The rise of massive self-supervised (pre-trained) models has transformed various data-driven fields such as natural language processing, computer vision, robotics, and medical imaging. This advanced graduate course aims to provide a holistic view of the issues related to these models: We will start with the history of how we got here, and then delve into the latest success stories. We will then focus on the implications of these technologies: social harms, security risks, legal issues, and environmental impacts. The class ends with reflections on the future implications of this trajectory.
Prerequisites: Students must have extensive experience with deep learning, machine learning, artificial intelligence, and natural language processing. Familiarity with linear algebra, statistics and probability are necessary, as well as with the design and implementation of learning models (via one of the learing libraries, such as PyTorch, Tensorflow, Keras, JAX). Students must be comfortable with reading papers and extracting key concepts and ideas from papers.
For much of the semester, each class will involve the presentation and discussion of recent important papers on pre-trained (self-supervised) statistical models. The objective of the course is to instill a holistic view of the latest developments in various fields (NLP, computer vision, biology. etc.), and help the participants understand their broad implications.
Each paper will be presented by a group of students each with an assigned "role". This role defines the lens through which they read the paper and determines what they prepare for the group in-class discussion. Here are the roles we will experiment with:
The presentation of each role can be done individually or in groups of ≤3. If done as a group, you and your partner should decide how to equally divide the work for a given paper presentation session.
Who presents what role and when? At the beginning of the semester, students will be divided into two halves, one half presenting on Tuesdays and the other on Thursdays. In a given class session, the students in the presenting half will each be given a random role (determined the week before at the end of the classes). Each role group (irrespective of how many students are assigned to it) should aim for specified time budgets for each role. You're encouraged to have slides for your role, though it is not mandatory. If you do so, I would recommend less than 7-10 slides to make sure stay within our time budget.
What slides? To minimize time spent context switching or fighting with screen sharing/projector dongles, we will have a shared pool of slides (hosted on Google presentations, will be shared a week before). Each role group are encouraged to title their slides with "[role emoji]: [student name]" (as in "🏺: Jane,John") so that the slides are quickly identified during the session. If you choose to make slides, you're not expected to prepare a full-blown presentation -- they're encouraged for visual aid and facilitating the presentation.
Before the class Please provide a short answer to a prompt posed by the instructor a few days before the class.
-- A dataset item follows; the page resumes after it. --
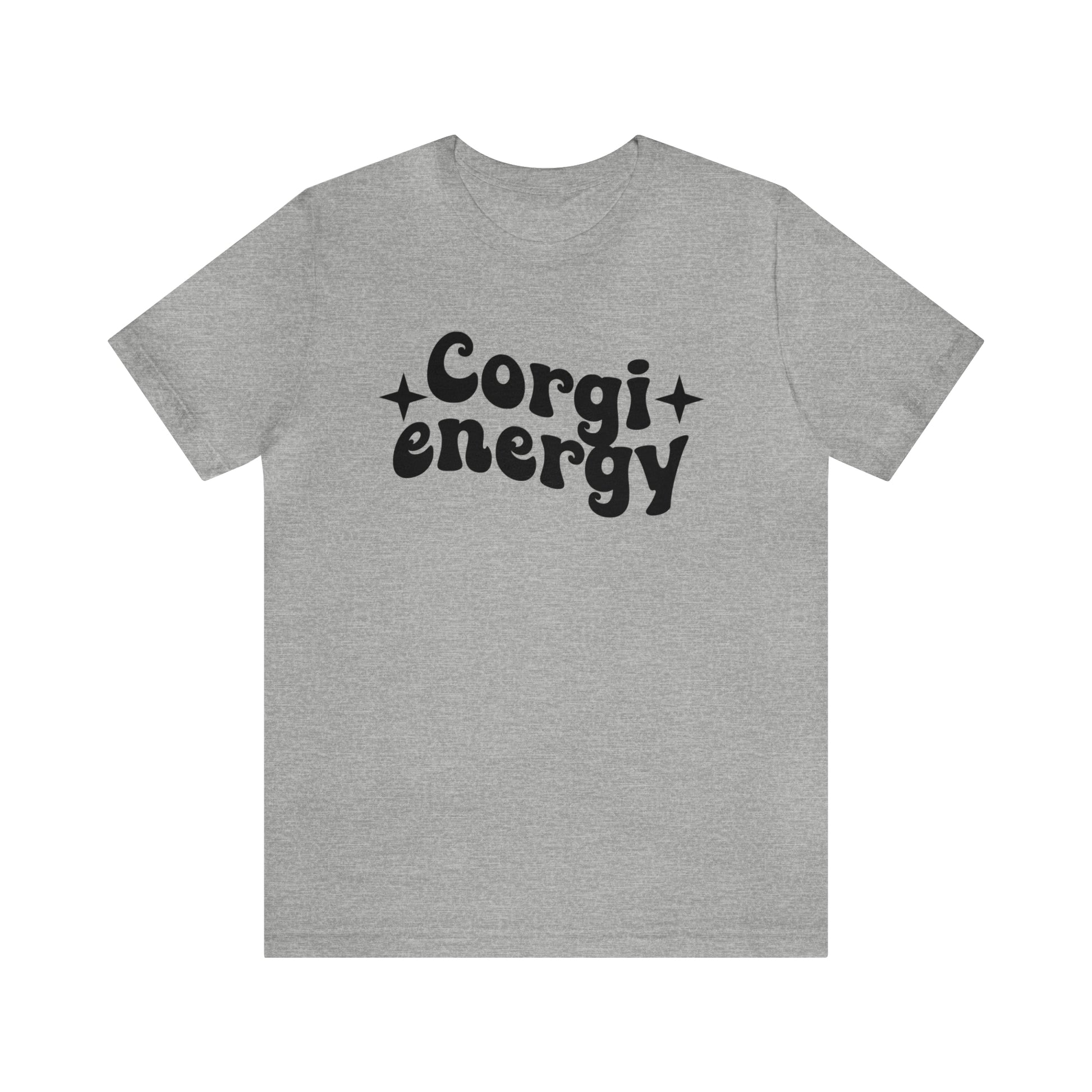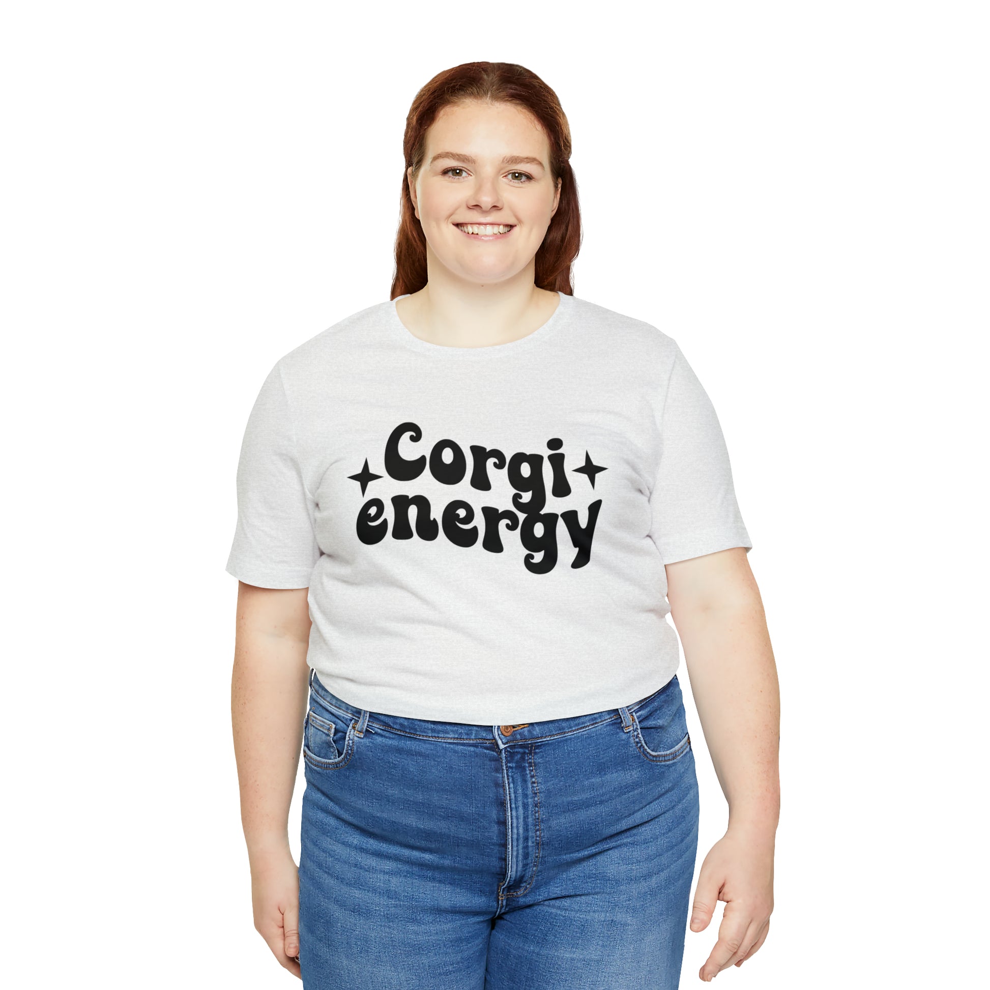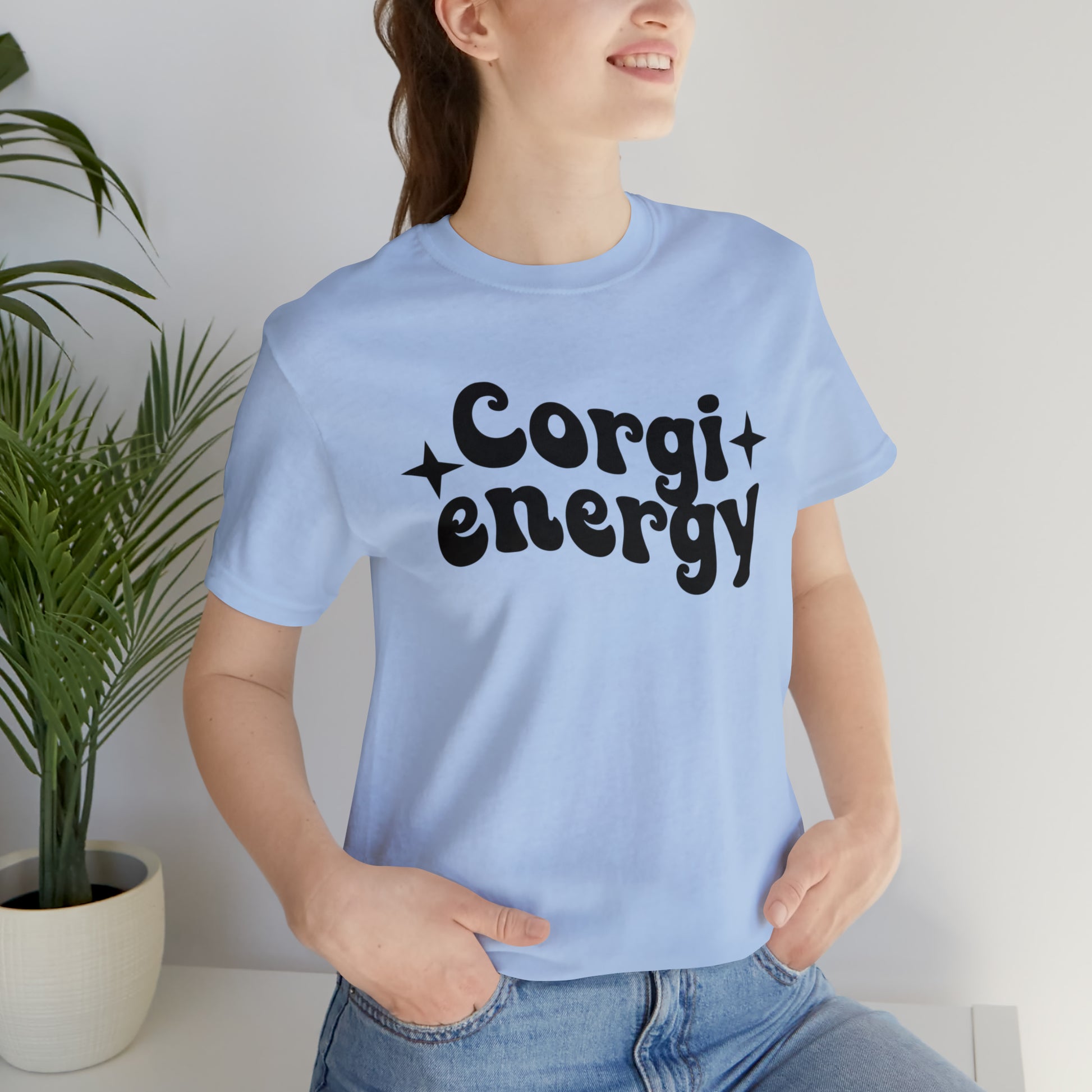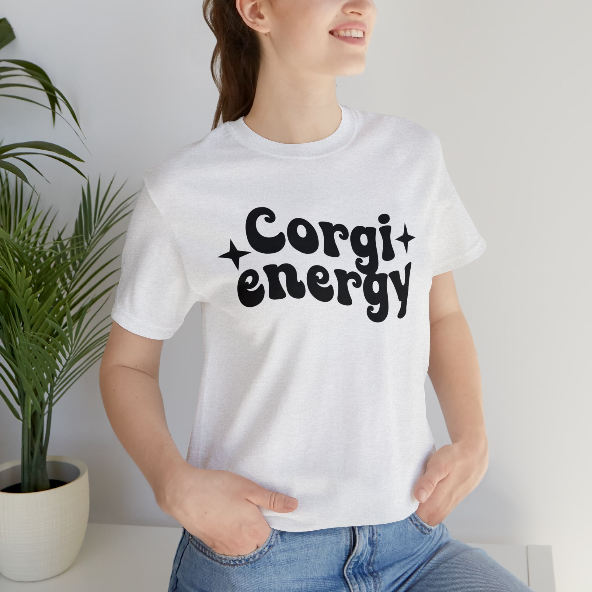 This classic unisex short sleeve dog t-shirt reads Corgi Energy. This tee fits like a well-loved favorite. Soft cotton and quality print make you fall in love with it over and over again. These t-shirts have ribbed knit collars to bolster shaping. The shoulders have taping for better fit over time. Dual side seams hold the garment's shape for longer.

The beginning of each class Come up with one question about the paper (either something you're confused about or something you'd like to hear discussed more).
During the class While only a subset of the class will participate in presenting a paper, the rest of the class is expected to come to class ready to participate in the discussions.
The current class schedule is below (subject to change):
Here are the topics we wanted to cover but didn't have time for:
All students in the class will write a "mini-paper" as a final project. The topic of this project is open-ended. This project, for example, can focus on demonstrate systemic limitations of a prior work or suggesting improvements on methods or benchmarks discussed in the class.
Here are several resources available for free:
Besides these resources, we will try our best to satisfy individual needs through discussion.
Since this is a discussion class, it's especially important that we respect everyone's perspective and input. In particular, I value the perspectives of individuals from all backgrounds reflecting the diversity of our students. I will strive to make this classroom an inclusive space for all students. Please let me know if there is anything I can do to improve.
This course will have a zero-tolerance philosophy regarding plagiarism or other forms of cheating, and incidents of academic dishonesty will be reported. A student who has doubts about how the Honor Code applies to this course should obtain specific guidance from the course instructor before submitting the respective assignment.
The Johns Hopkins University is committed to equal opportunity for its faculty, staff, and students. To that end, the university does not discriminate on the basis of sex, gender, marital status, pregnancy, race, color, ethnicity, national origin, age, disability, religion, sexual orientation, gender identity or expression, veteran status, military status, immigration status or other legally protected characteristic. The University's Discrimination and Harassment Policy and Procedures provides information on how to report or file a complaint of discrimination or harassment based on any of the protected statuses listed in the earlier sentence, and the University’s prompt and equitable response to such complaints.